DATASET RECORDS.
━━━━━━━━━━

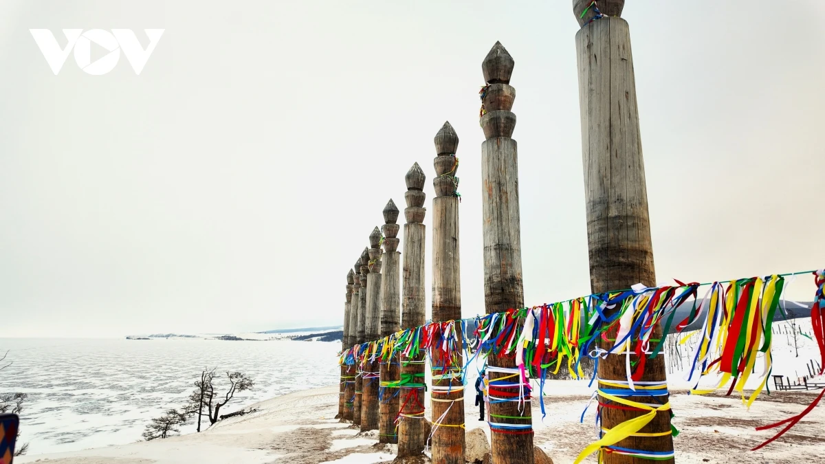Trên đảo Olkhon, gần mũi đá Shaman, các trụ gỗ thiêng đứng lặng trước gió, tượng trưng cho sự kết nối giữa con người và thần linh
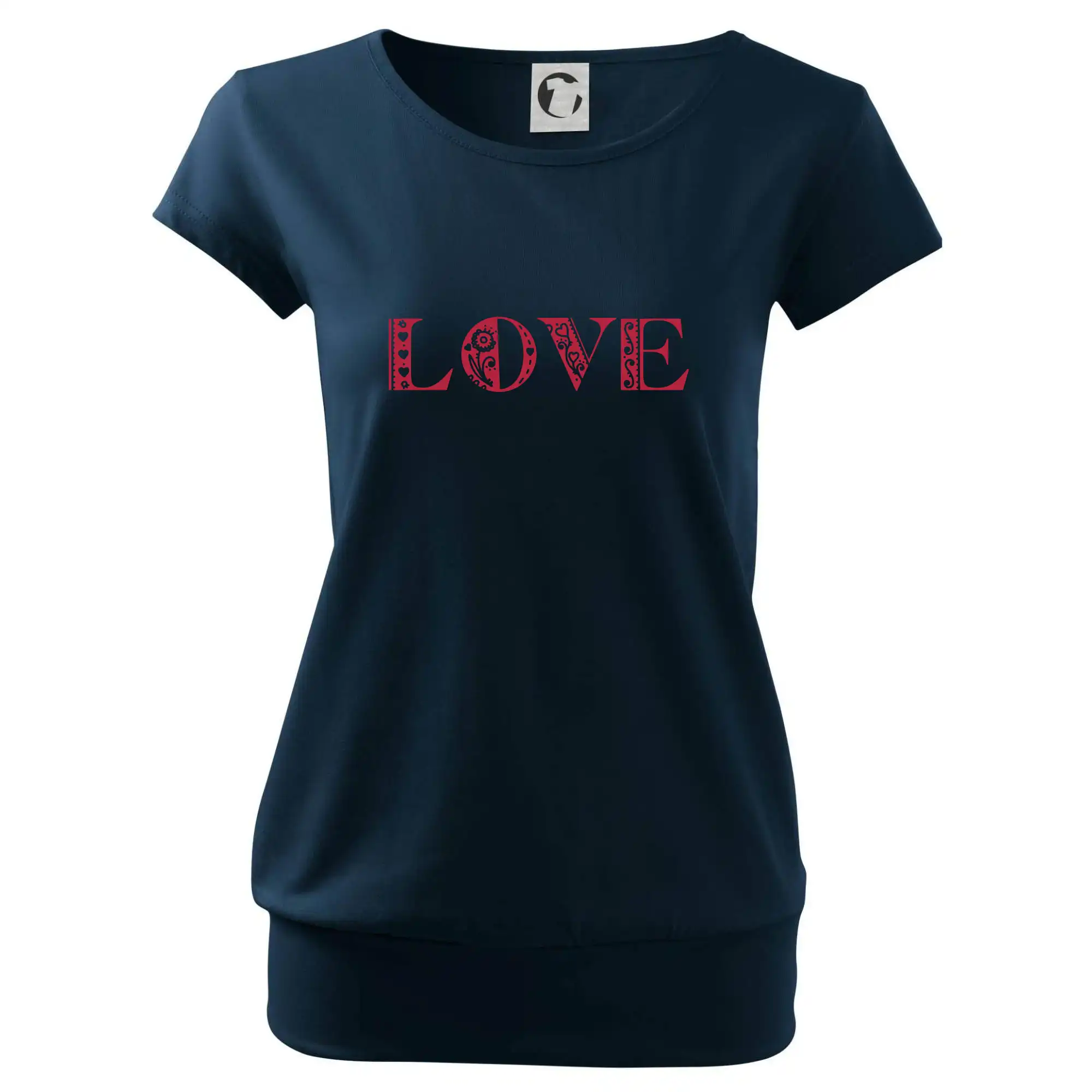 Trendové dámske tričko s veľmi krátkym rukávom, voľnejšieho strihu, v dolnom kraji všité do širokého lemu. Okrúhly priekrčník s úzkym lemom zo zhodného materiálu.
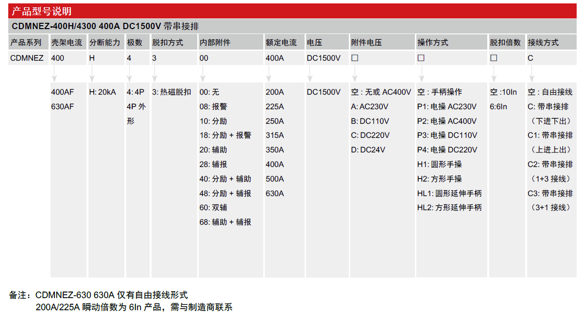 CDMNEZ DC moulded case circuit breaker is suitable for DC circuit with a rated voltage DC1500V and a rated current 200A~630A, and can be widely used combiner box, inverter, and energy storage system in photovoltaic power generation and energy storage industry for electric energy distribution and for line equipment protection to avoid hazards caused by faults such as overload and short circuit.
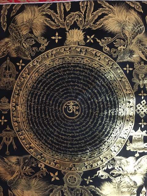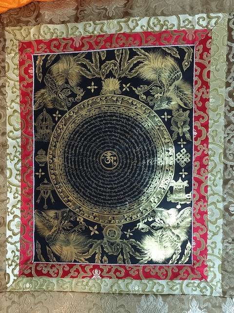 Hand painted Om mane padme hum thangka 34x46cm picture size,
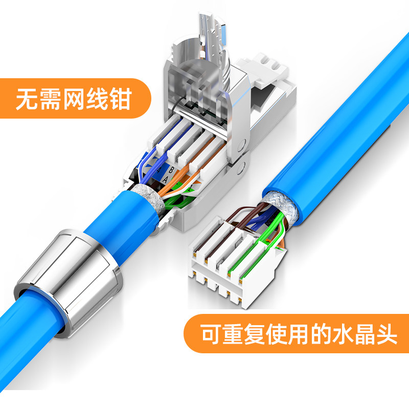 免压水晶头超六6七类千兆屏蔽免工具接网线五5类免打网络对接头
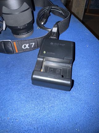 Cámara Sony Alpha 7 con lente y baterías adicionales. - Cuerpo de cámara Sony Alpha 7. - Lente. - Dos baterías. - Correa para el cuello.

━━━━━━━━━━

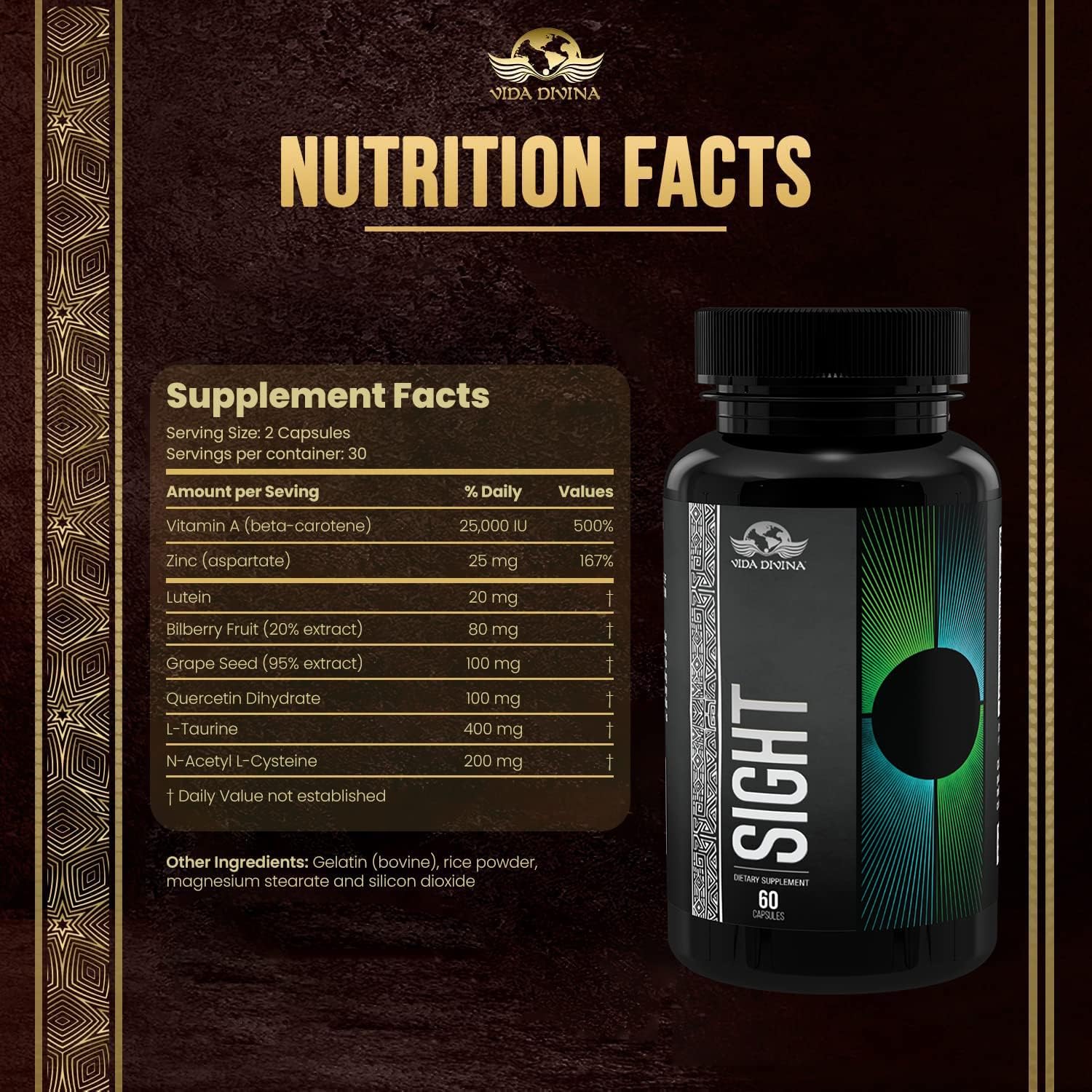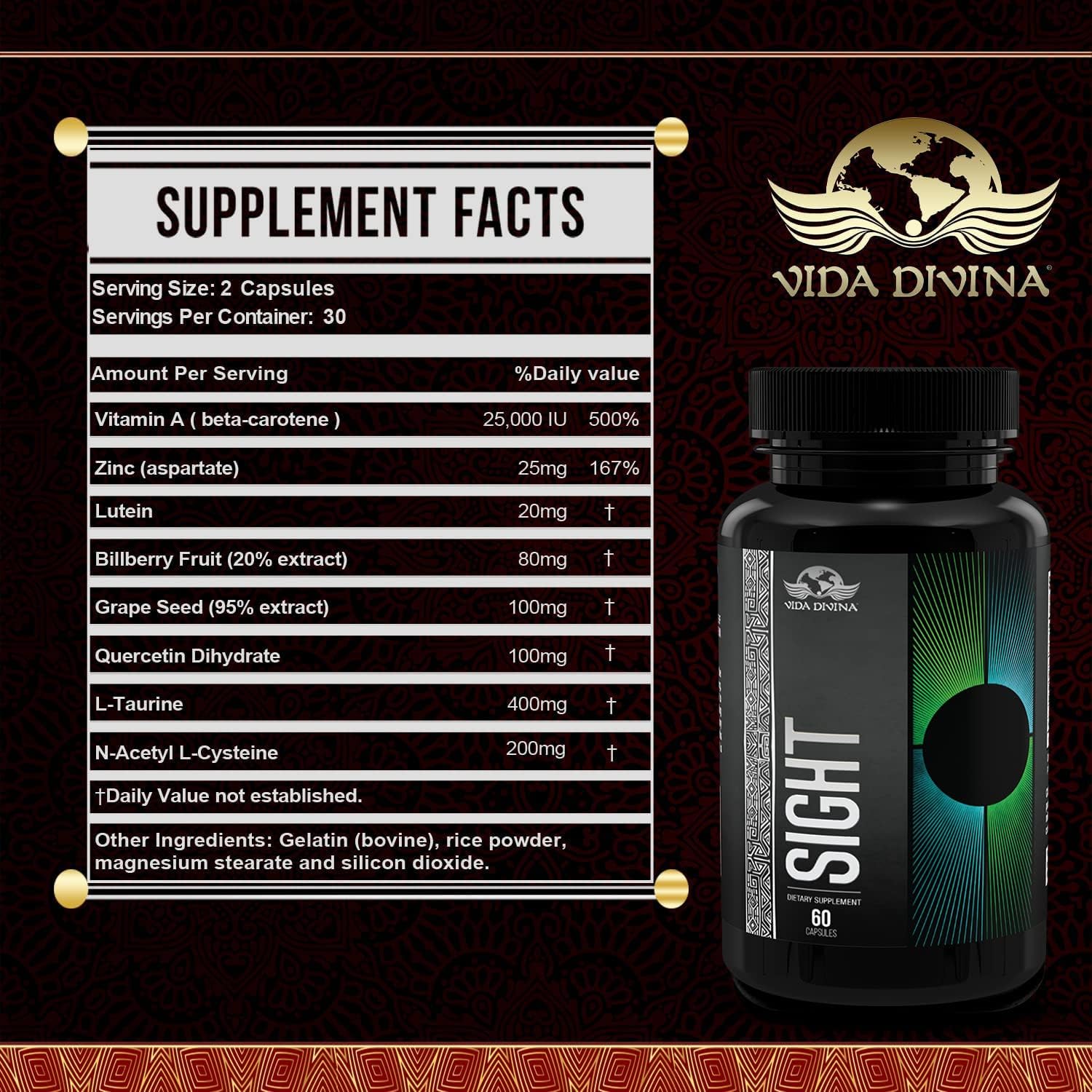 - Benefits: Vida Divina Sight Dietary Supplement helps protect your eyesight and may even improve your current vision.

━━━━━━━━━━

Print exactly, with no pictures, the lines above from the one that holds "Trên đảo Olkhon, gần" through the one that holds "Cámara Sony Alpha 7 con", both of them included.

Trên đảo Olkhon, gần mũi đá Shaman, các trụ gỗ thiêng đứng lặng trước gió, tượng trưng cho sự kết nối giữa con người và thần linh
 Trendové dámske tričko s veľmi krátkym rukávom, voľnejšieho strihu, v dolnom kraji všité do širokého lemu. Okrúhly priekrčník s úzkym lemom zo zhodného materiálu.
 CDMNEZ DC moulded case circuit breaker is suitable for DC circuit with a rated voltage DC1500V and a rated current 200A~630A, and can be widely used combiner box, inverter, and energy storage system in photovoltaic power generation and energy storage industry for electric energy distribution and for line equipment protection to avoid hazards caused by faults such as overload and short circuit.
 Hand painted Om mane padme hum thangka 34x46cm picture size,
 免压水晶头超六6七类千兆屏蔽免工具接网线五5类免打网络对接头
 Cámara Sony Alpha 7 con lente y baterías adicionales. - Cuerpo de cámara Sony Alpha 7. - Lente. - Dos baterías. - Correa para el cuello.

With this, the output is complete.